Merchandised hats and jackets bearing the Kit Kat Sugar name are likewise a ubiquitous sight at any Fort Worth horse show.
As sole owners, exclusivity in decision-making is not without its pressures. Foaling season regularly sees the pair helping deliver babies long past midnight, for months on end, before driving their daughters to school a few hours later. Drew might field phone calls on cattle futures before negotiating stallion contracts, all while evaluating the promise of a horse’s run in a Will Rogers Arena show pen. Circumstances might regularly leave the team feeling spread thin, but they view things as an advantage in rapid movement.
“Abby and I are very good at making hard decisions together, and making them quickly,” Drew said, though Abby’s remarks on the topic ran verbatim. “Every time a milestone opportunity has presented itself, be it Kit Kat Sugar, Smooth Talkin Style, Rita Blanca Division, or even the original 30 head of cattle we began everything with, we were prepared to act. The consequences are on us, but we do the hard work and research together. Most importantly, we mutually understand what XIT’s future could look like, dependent on each choice.”

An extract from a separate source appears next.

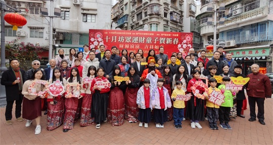 【本報訊】十月初五街區坊眾互助會主辦,澳門街坊會聯合總會協辦,澳門基金會、市政署贊助的“十月坊眾運財童子賀新春”今(8)日下午假康公廟前地休憩區舉行,隨後聯同“財神爺”“財子”“財女”向社區內商戶和街坊拜年,互致新春祝福。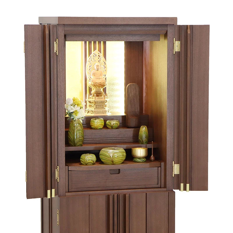 • 特 徴: LEDライト 、 一本立ちタイプ 、 内部段取り外し可 、 スライド式内部段 、 引き出し収納 、 経机付き 、 柾目の直線が多めの木目 、 床置きタイプ 、 セット仏壇の仏具シュミレーションあり 、 脚付き

Skills acquired during the pair’s past occupations serve them just as well in the present. A mind for capital allocation, timing markets, and analyzing data proved a natural fit for Drew’s strategy toward breeding, buying, selling, and trading XIT’s four-legged assets. Abby’s five-star standards of quality in the kitchen meant strict parameters around the quality of beef coming in or out the door, which requires good grass to feed healthy cattle, to be worked by smart horses.

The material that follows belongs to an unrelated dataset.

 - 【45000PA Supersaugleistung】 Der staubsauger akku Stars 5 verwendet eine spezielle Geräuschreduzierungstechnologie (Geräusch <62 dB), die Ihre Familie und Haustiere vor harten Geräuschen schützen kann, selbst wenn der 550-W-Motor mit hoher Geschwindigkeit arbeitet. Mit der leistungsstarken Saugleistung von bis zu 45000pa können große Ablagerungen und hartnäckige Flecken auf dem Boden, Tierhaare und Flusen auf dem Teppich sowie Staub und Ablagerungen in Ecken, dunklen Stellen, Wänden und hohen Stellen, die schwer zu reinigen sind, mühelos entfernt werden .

“If we do right by all those things, they can take care of us,” Abby said. “Take care of your land, your animals, your history, your legacy, and everything else can fall into place. Think of all it takes to bring a plate of serious beef to the table. That’s the reason why any of this exists.” While practical daily concerns tend to be rooted in the present (farmers and ranchers always talk about rain for a reason), underlying motivations rest atop a uniquely equal balance of honoring traditions while working on behalf of nascent generations. On one hand, this could mean a decision to adopt novel technology, such as freeze-branding horses, potentially destined to become common practice. On the other hand, a historic windmill might be running just fine 100 years on, meaning a solar pump replacement can wait. Then again, all-metal ranch windmills once were devices on the cutting edge, which the XIT was among the first to implement.

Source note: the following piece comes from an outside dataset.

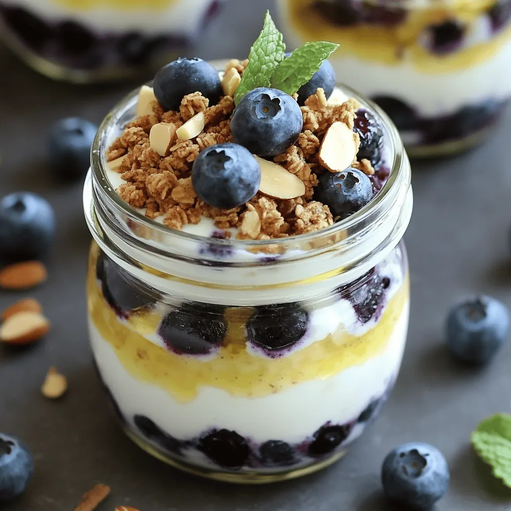 Greek yogurt is high in protein, which helps keep you full. It also has probiotics that aid digestion. Blueberries are packed with vitamins and antioxidants. They are great for your heart and brain health. Granola adds fiber, which is good for your gut. If you add almond slivers, you get healthy fats and protein too. Mint leaves not only add color but also fresh flavor. This parfait is a tasty way to enjoy healthy ingredients.

As to why one might dedicate the guaranteed prospect of a difficult life in service of the ranch, the answer lies in the question; everything is for the ranch.
“To be a rancher means working for something bigger than ourselves. That means representing our brand, and the tremendous reputation it stands on,” notes Drew. “It also means thinking of our kids, their kids, and ensuring they eventually take over with similar principles of respect guiding their steps. Those who came, and those to come, it can only ever be for them.”
As if on cue, Drew’s phone rang again with a dozen or more inquiring customers and congratulators of the previous day’s equine acquisition. The clock struck 8 a.m. not long after. As to what comes next with XIT Ranch, the progeny of Smooth Talkin Style, Kit Kat Sugar, and the sure-to-be-many resulting crosses, will continue directing things towards a true north. The same goes for docile cattle, once again growing fat on the grass of wide, lonesome Panhandle pastures, ridden through all manner of difficult trials by great, nameless cowboys and horses of storied centuries past.